K

4 0 0
                                    

Engkau ingat, pembaca? Kabar yang dari Pi’anan beberapa waktu lalu tentang salah seorang kawan dari kelas lain melihatku jalan dengan Diksa di minggu malam, itu sudah sampai pada Kak Irawan yang kini pukul empat sore usai jam pelajaran memintaku bertemu. Sedang, Diksa berkata padaku dia akan main futsal di lapangan dengan kawan-kawannya selagi menungguku usai. Dilema yang tak seharusnya. Terlebih, siang tadi Diksa pula lah yang  mengantarku ke sekolah usai ia pulang sebab jadwal kami tak sama.

“Kak!” Kristina dan Nunuk yang keluar kelas bersamaku menyapa Kak Irawan yang sudah menunggu di depan kelas. Mereka berlalu, sedang aku menemuinya.

Kak Irawan tak mengajak ke tempat lain karena kukira dia ingin berbicara cukup serius, tetapi dia membicarakan tentang Diksa di sini saja, di depan kelasku sahaja.

“Kau sekarang bersama Diksa?” tanyanya  tak basa-basi.

Aku diam sebentar, sedang mencerna situasi. Apakah dia marah? Apakah dia cemburu? Apakah dia kesal dengan keadaan ini?

“Aku bukan dengannya,”

“Lalu? Engkau diantarnya siang tadi, engkau jalan dengannya kemarin minggu?” Kak Irawan nampak kesal.

“Ya, tapi aku bukan dengannya,”

“Lalu apa jadinya?”

“Aku tidak ada apa-apa dengannya,”

“Lalu apa jadi aku menyebutnya? Engkau baru saja memutuskan hubungan denganku dan engkau bersama yang lain begitu sehari setelah putus.” Aku tahu Kak Irawan curiga atas banyak hal yang sudah terjadi. “Engkau memang sudah bersamanya?”

“Tidak! Aku bahkan tidak mengenalnya.” Aku menyangkal, karena memang yang sebenarnya adalah demikian.

“Maksud mu?” dia menuntut jawaban.

Atmosfer tak menyenangkan mulai mengelilingiku. Sekali pun aku menjelaskan, ia tak akan benar-benar paham situasinya. Aku menatapnya, mencoba meyakinkan bahwa aku tak berniat pergi darinya untuk kepada yang lain. Tidak, sama sekali tidak. Sebab apa yang terjadi padaku akhir-akhir ini pun adalah yang tak aku duga.

“Benar aku dengannya di hari minggu lalu,” jawabku pelan. “Tapi aku tak pernah berniat pergi dari mu sebab siapa-siapa. Tidak ada yang lain. Dia kepadaku juga baru beberapa waktu lalu. Aku tak mengenalnya, aku tak tahu dia siapa, aku tak tahu asal usulnya,” jelasku panjang lebar dan dia diam.

“Maaf menuduh mu,”

“Tidak,” jawabku cepat berusaha menutupi rasa bersalahnya karena mendadak memarahiku. “Engkau boleh berpikir apa saja atas diriku.”
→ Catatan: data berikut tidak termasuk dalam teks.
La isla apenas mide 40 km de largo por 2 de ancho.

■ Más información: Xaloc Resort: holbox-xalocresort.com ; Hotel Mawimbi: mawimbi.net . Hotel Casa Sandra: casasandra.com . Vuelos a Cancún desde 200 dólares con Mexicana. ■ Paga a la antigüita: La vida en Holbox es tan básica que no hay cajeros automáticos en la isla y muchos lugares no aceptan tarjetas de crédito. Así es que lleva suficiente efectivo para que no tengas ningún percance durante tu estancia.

Dia diam. Aku diam. Dan di selanya aku mendengar seretan sepatu yang berjalan di koridor yang kemudian hening kembali. Langkah itu berhenti. Berhenti di yang tak jauh dari aku dan Kak Irawan berdiri. Berhenti menatap aku dengan sorot matanya yang bertanya-tanya dan sejurus kemudian paham, paham akan situasinya. Ia berhenti dalam tegak yang mengamati.

Aku menatapnya yang jauh. Kira-kira, apa yang sedang ia pikirkan? Apa yang sedang ia pertanyakan? Hening ini menyudutkanku. Perbincangan dengan kak Irawan sengaja tak kuteruskan.

“Itu, dia, Diksa,” kata kak Irawan padaku, pelan.

Aku menanggapinya dengan secuil senyum tak bermakna. Canggung sudah. Sungguh amat riuh pikiranku dihadapkan dengan situasi semacam ini. Dan, kak Irawan berlalu, melawan arah dari keberadaanku dengan Diksa. Dia marah atas keadaan.

Pada saat itu Diksa juga tak mengungkap sepatah kata pun, cukup mengedikkan kepalanya ke arah parkiran yang mengisyaratkan dia akan menunggu di sana, dan kemudian berlalu tanpa aku. Beberapa menit lamanya, aku termenung sendiri. Sehabisnya kemudian aku berjalan menuju Diksa yang sudah menunggu ku pulang. Dia sedang bersama kawan-kawannya, usai bermain futsal. Seragamnya lusuh seperti biasa.